第一夜

 これは、今も続いている話。




「徹。準備できたか?」


「はい!お願いします」




 俺、石子徹いわこ とおるはそう言うとバイト先へ向けて送迎をしている先輩の車に乗った。




「今日初めてだっけ?」


「そうなんですよ。なんだか、夜に働くなんて緊張しますね」


「まあ、すぐ慣れるよ。あ、タバコいる?」


「いえ…まだ吸えないので」


「あ、そっかそっか。ま、吸いたくなったら言ってよ。いつでもあげるよ~」


「……ありがとう、ございます」




 大学近辺に住んでいる俺は、隣市のコンビニの夜勤をバイトに選んだ。選んだ理由としては、俺自身が部活やサークルの掛け持ちで昼や夕方は暇がないこと。


さらに、夜勤を経験してみたかったという理由である。周りからは変わっていると言われたが、自分もそう思う。


 隣市では夜勤バイトや学生バイトを多く募集している。理由としては、その市に若者が少なく、大学がある所から人を呼んでこなければならなかったからだ。


 バイト先までは約30分かかる。田舎であり、道も暗く交通の便が悪いため住むなら車必須の場所である。




「着いたよ。さあ行こうか」


「はい!」




 夕勤で入っていた人達に挨拶をし、バックヤードへと入っていく。バックヤードの入り口は、トイレのすぐ横だった。


 そこからバックヤードに入り、オーナーさんとの二者面談が始まる。


 履歴書を渡し、一通りの質問をされ、その時間は過ぎていく。




「うん、とりあえずオッケーだ。今日中にはレジ打てるようにしてもらうからね」


「はい!よろしくお願いします」




 バイトの時間は固定で、0~9時。深夜の納品、陳列棚のフェイスアップ、時間指定シール等、多くのことを深夜に詰め込まれた。


 そして、接客のための声出しが始まる。オーナーが大声で言ったことを、ひたすら大声で繰り返す。午前3時のことだ。

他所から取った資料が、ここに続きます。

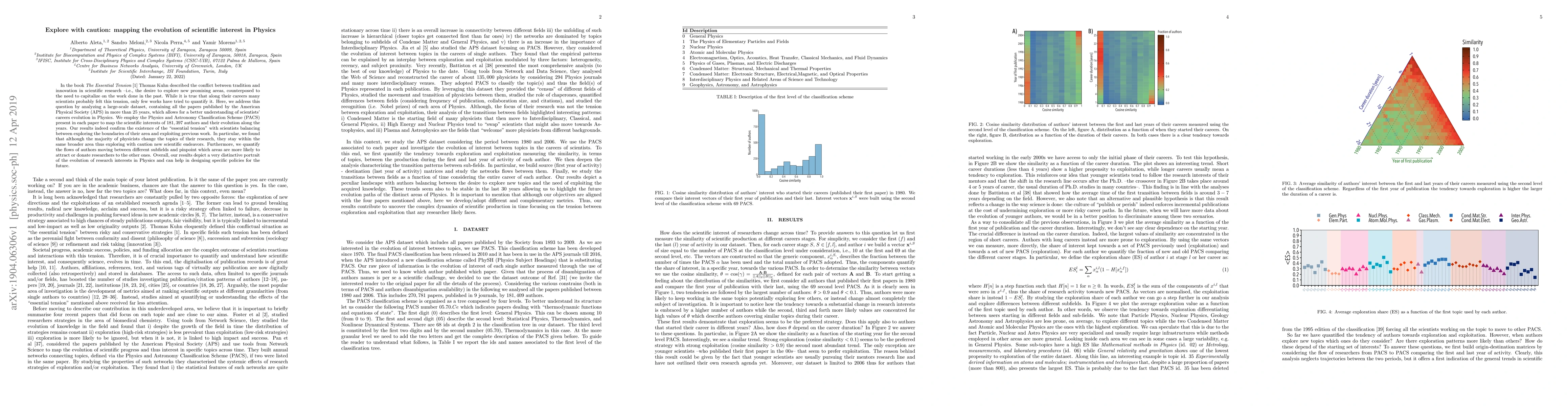 In the book The Essential Tension Thomas Kuhn described the conflict between tradition and innovation in scientific research --i.e., the desire to explore new promising areas, counterposed to the need to capitalize on the work done in the past. While it is true that along their careers many scientists probably felt this tension, only few works have tried to quantify it. Here, we address this question by analyzing a large-scale dataset, containing all the papers published by the American Physical Society (APS) in more than $25$ years, which allows for a better understanding of scientists' careers evolution in Physics. We employ the Physics and Astronomy Classification Scheme (PACS) present in each paper to map the scientific interests of $181,397$ authors and their evolution along the years. Our results indeed confirm the existence of the `essential tension' with scientists balancing between exploring the boundaries of their area and exploiting previous work. In particular, we found that although the majority of physicists change the topics of their research, they stay within the same broader area thus exploring with caution new scientific endeavors. Furthermore, we quantify the flows of authors moving between different subfields and pinpoint which areas are more likely to attract or donate researchers to the other ones. Overall, our results depict a very distinctive portrait of the evolution of research interests in Physics and can help in designing specific policies for the future.
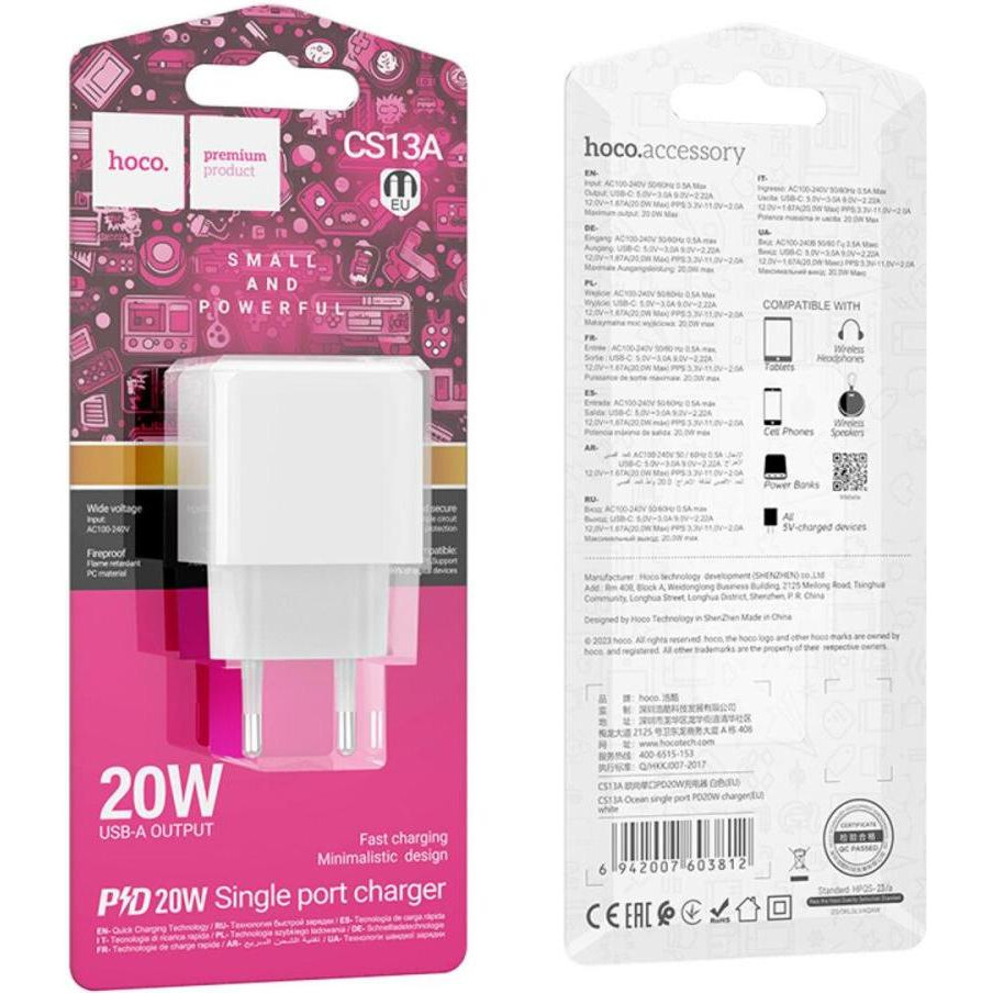 Мережевий зарядний пристрій Hoco CS13A Ocean, PD 20W, White (6942007603812)

 それが一通り終わると、次はレジの打ち方と廃棄時間、フライヤー等のやり方を教わった。


 ここまでは、普通の新人研修である。






 違和感を覚えたのは、その後だ。





 一通りレジの説明が終わると、一旦休憩を貰った。


 その休憩中、俺はトイレに行くことにしたんだ。


 ずっと立ち続けて5時間程。もう足と膀胱が限界だった。


 急いでトイレに駆け込む。トイレの扉を閉める。ガチャン、と鍵の閉まる音がなり、俺は急いで便座に座った。


 膀胱から力が抜け、安堵の表情を浮かべた、次の瞬間ーー





 誰かに、見られている。





 下に向いていた頭を、急いで上げる。


 誰も居ない。


 なのにーー


 まるで、誰かに見られているような……そこに人が居て、こちらを凝視されているような感覚が、俺にはあった。




「……」




 身震いがし、俺は急いでトイレから出た。


 トイレから出た後も、こちらを見られているような感覚に襲われた。


 その日それ以降は、そんな感覚もなく無事一日目が終了した。